Mit einer von den wehrdienstlichen Verhältnissen unabhängigen Krankheitsentwicklung in Einklang steht, wie Dr. N. in seinem Gutachten von Januar 2011, welches im Wege des Urkundenbeweises verwertet worden ist (§ 118 Abs. 1 Satz 1 SGG i. V. m. §§ 415 ff. Zivilprozessordnung - ZPO), überzeugend ausgeführt hat, dass sich auch nach dem Ende der Bundeswehrzeit, also ohne wehrdienstbedingte Lärmeinwirkungen, in den Tonaudiogrammen von Anfang Oktober 2004 und Ende Oktober 2009 gegenüber demjenigen von Anfang November 1988 eine Hörverschlechterung über alle Frequenzen zeigt; im Tonaudiogramm vom 7. Oktober 2004 auch in den tieferen und mittleren Frequenzen. Da sich knalltraumatische Innenohrschäden nach Sistieren der Lärmeinwirkung nicht verschlechtern können, was die Sachverständige Prof. Dr. B. bestätigt hat, insbesondere nicht in den schädigungsfreien tiefen und mittleren Frequenzen, wie von Dr. N. weiter nachvollziehbar dargelegt worden ist, ist diese Hörverschlechterung nicht mit Wahrscheinlichkeit auf Knalltraumen während der Bundeswehrzeit zurückzuführen, zumal bis 1988 keine Progredienz eingetreten war.

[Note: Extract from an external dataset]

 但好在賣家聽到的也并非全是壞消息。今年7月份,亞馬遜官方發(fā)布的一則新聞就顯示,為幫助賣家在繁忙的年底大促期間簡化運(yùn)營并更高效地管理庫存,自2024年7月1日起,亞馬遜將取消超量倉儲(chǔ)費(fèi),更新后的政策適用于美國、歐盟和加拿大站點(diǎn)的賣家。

Auch die Hörverbesserung gegenüber dem Tonaudiogramm von Anfang Oktober 2004, wie sie in denjenigen von Ende Oktober 2009 sowie von Ende April und Anfang Mai 2010 zum Ausdruck gekommen ist, und das schwankende Hörvermögen weisen auf lärmunabhängige Einflüsse hin; ebenso wie die daraus ersichtliche Progredienz im mittleren Frequenzbereich. Hierauf weist Dr. N. überzeugend hin. Selbst Prof. Dr. B. hat eingeräumt, dass für eine gewisse lärmunabhängige Progredienz die Angaben des Klägers sprechen, dass er in der letzten Zeit vor ihrer Untersuchung schlechter gehört hat.
Daher ist es bestenfalls möglich, hingegen nicht hinreichend wahrscheinlich, dass der Kläger wegen einer Wehrdienstbeschädigung auf mindestens einem seiner Ohren an einem Tinnitus aurium leidet.

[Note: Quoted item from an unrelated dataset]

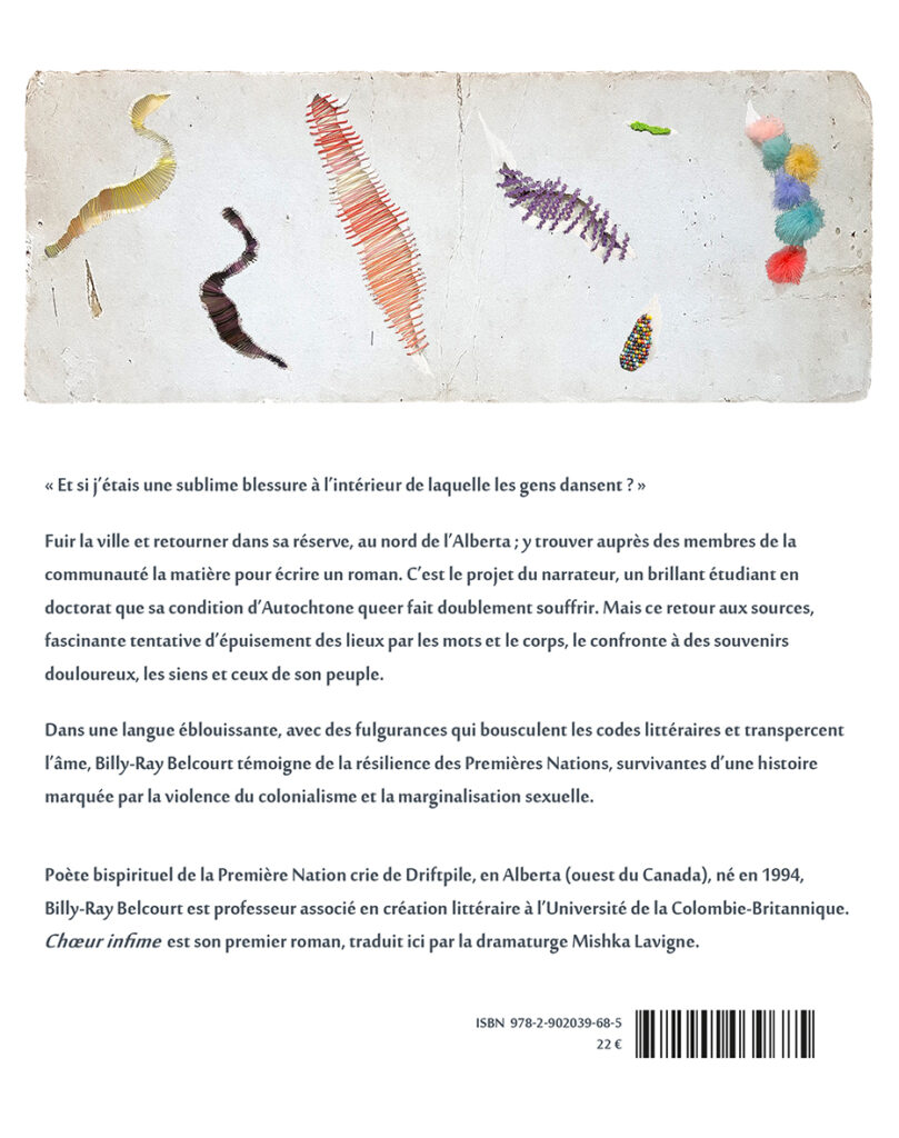 « Une confluence absolument éblouissante de grandes idées et d’émotions brutes, racontées par la voix poétique singulière de Billy-Ray Belcourt. Chœur infime parle d’amour, de questionnement et de lutte pour la vie, et c’est le premier roman le plus convaincant que j’ai lu depuis des années. », Jami Attenberg, autrice de I Came All This Way to Meet You.

Die zur Anerkennung des Tinnitus aurium als Folge einer Wehrdienstbeschädigung erforderliche Wahrscheinlichkeit ist nicht deshalb verneint worden, weil über die Ursache des festgestellten Leidens in der medizinischen Wissenschaft Ungewissheit besteht. Folglich kam eine so genannte "Kann-Versorgung" im Sinne des § 81 Abs. 6 Satz 2 SVG (vgl. BSG, Urteil vom 12. Dezember 1995 - 9 RV 17/94 -, SozR 3-3200 § 81 Nr. 13) ohnehin nicht in Betracht.
Nach alledem war die Berufung zurückzuweisen.
Die Kostenentscheidung beruht auf § 193 SGG.
Die Revision war nicht zuzulassen, da die Voraussetzungen des § 160 Abs. 2 SGG nicht vorliegen.